Incidentally, Michelsen also observed that the location of maximal deflection
(the centre of vibration) on the thin membrane moved across the drum surface
area (Michelsen, 1971
, p. 80). In the logic of drum
theory, the centre of vibration ought not to wander. This observation seems to
coincide with the phenomenology of the travelling wave reported here.
Supporting the general message of point 4, the present study shows that
different tympanal areas undergo different vibrational regimes, but through a
mechanical process that is not related to drum resonance.

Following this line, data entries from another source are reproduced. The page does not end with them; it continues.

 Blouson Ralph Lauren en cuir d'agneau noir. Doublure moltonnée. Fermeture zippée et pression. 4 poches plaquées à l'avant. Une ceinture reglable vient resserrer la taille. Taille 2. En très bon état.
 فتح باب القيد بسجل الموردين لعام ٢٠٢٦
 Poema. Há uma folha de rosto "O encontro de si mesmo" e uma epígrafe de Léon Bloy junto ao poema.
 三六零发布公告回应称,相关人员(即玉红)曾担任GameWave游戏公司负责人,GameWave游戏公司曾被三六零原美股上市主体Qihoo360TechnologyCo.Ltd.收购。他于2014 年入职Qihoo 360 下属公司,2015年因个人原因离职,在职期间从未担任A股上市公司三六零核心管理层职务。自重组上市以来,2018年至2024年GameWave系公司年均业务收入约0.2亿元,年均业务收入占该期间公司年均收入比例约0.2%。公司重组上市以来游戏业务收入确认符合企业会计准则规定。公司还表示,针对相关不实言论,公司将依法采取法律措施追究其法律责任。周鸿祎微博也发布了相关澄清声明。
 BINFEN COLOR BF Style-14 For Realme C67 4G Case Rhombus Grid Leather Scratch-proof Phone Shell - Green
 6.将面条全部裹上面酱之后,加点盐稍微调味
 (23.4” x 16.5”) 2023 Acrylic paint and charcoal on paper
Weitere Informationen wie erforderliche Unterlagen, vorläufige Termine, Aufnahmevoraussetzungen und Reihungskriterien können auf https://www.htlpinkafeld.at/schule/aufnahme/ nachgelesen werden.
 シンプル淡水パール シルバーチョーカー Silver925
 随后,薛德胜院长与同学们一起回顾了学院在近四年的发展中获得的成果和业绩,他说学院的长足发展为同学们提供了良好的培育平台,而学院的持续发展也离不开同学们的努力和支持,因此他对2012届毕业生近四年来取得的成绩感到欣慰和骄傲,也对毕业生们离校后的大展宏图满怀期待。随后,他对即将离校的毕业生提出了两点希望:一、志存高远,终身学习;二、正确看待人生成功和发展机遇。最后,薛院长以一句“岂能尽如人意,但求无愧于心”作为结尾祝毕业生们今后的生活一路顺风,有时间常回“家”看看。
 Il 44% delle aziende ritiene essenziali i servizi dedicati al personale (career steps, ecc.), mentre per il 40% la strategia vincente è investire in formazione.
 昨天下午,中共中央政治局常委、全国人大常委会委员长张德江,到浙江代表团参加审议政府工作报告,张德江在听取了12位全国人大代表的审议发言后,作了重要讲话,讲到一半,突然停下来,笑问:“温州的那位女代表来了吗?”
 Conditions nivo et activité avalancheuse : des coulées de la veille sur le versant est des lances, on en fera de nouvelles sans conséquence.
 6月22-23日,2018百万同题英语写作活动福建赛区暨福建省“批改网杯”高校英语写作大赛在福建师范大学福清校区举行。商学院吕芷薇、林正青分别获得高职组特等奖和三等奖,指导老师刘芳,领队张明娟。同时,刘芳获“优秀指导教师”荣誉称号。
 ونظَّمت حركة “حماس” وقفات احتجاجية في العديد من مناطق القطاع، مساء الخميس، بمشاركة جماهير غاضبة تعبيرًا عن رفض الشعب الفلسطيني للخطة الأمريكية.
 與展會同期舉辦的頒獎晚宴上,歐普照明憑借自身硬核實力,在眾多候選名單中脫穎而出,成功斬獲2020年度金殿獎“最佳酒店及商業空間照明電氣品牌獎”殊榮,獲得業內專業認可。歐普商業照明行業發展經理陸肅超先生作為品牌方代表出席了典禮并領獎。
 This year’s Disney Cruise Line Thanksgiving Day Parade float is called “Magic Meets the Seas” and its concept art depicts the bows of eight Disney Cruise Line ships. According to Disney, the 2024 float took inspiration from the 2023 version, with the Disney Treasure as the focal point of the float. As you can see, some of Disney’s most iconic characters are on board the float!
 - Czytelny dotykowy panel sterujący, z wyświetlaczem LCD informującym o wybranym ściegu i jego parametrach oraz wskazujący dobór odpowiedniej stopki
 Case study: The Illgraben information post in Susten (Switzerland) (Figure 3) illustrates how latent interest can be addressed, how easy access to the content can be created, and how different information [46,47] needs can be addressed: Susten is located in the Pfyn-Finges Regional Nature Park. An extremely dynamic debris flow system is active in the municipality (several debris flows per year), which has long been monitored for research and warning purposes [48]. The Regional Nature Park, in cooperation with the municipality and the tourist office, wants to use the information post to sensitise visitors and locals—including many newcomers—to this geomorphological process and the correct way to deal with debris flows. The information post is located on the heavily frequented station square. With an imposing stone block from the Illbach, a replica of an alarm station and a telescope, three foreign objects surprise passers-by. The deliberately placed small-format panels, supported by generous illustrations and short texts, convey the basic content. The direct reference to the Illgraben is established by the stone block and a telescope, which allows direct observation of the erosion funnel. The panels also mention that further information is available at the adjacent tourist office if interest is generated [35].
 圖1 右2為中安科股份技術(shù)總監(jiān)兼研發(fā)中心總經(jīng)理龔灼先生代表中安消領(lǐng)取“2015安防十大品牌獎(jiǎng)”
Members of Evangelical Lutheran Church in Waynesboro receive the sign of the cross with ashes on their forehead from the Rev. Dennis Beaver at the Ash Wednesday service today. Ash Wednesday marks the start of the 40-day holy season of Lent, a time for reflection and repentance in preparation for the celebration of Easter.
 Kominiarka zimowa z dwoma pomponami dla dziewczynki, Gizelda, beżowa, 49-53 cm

Several issues related to methodology may explain the similarities and the
discrepancies between the results of Michelsen's study and the present one. In
the 1971 study, the locust's auditory mechanics was investigated using two
different measurement techniques; laser holography and a capacitance
electrode. Fundamentally, the complete characterisation of the mechanical
response of a vibrating object requires characterisation of three basic
variables: the location of vibration, its amplitude, and its time course. It
was plainly recognised then that each technique has its pros and cons: laser
holography provided information on two variables, the static topography of
membrane deflections and their relative amplitudes. Crucially, laser
holography did not provide phase information
(Michelsen, 1971, p. 70). The capacitance electrode
method, in turn, provided some topographical information and quite accurate
time domain information, but yielded unreliable amplitude data
(Michelsen, 1971
,
p. 70). These methodological
shortcomings constrained data interpretation, requiring theoretical support to
make sense of the observed mechanical behaviour. Of the two theories available
at the time, the resonance theory and the travelling wave theory, the former
was favoured to provide the background against which to evaluate the data
(Michelsen, 1971
, p. 64). The travelling wave
theory (von Békésy, 1969) was mentioned but not considered as an
alternative explanation.
Tympanal deflections measured by laser holography were interpreted using
the motions theoretically expected from drum resonances. It was assumed that
the TM would behave like a circular homogenous drum, although it was
recognised at the time that the membrane was neither circular nor homogeneous
(Michelsen, 1971,
p. 66). Different modes of drum
resonance with central symmetry were used to explain the observed concentric
rings of amplitude maxima and minima (figs 13-15 in
Michelsen, 1971
). Laser
holography has limited sensitivity, dynamic range and temporal resolution. In
effect, that technique produced static contour images of high amplitude
tympanal deflections. Thus the data did not contain information of membrane
motion over the entire deflection cycle resulting from incident acoustic
energy. What were interpreted as the transitions between antinodes and nodal
lines can now be regarded as the crests of converging travelling waves. As
expected, high frequency (12 kHz and above,
Fig. 6B,C) stimulation
generates several travelling wave peaks across the tympanum, while low
frequencies do not (Fig. 6E,F).
Variation of multiple peaks was observed, although in a static manner, in the
former study (fig. 15 in Michelsen,
1971
).
Another possible source of uncertainty may lie in the intensity of the
acoustic stimuli used. The acoustic stimuli used to drive the tympanal system
were delivered at high sound pressure levels (96-112 dB SPL), a necessity
imposed by the relative insensitivity of the techniques. The use of high SPL
raises the possibility that the tympanal system may have been driven in the
non-linear range of its mechanical response. The system was deemed to obey
Hooke's law over a narrow range of amplitudes (50-100 µm)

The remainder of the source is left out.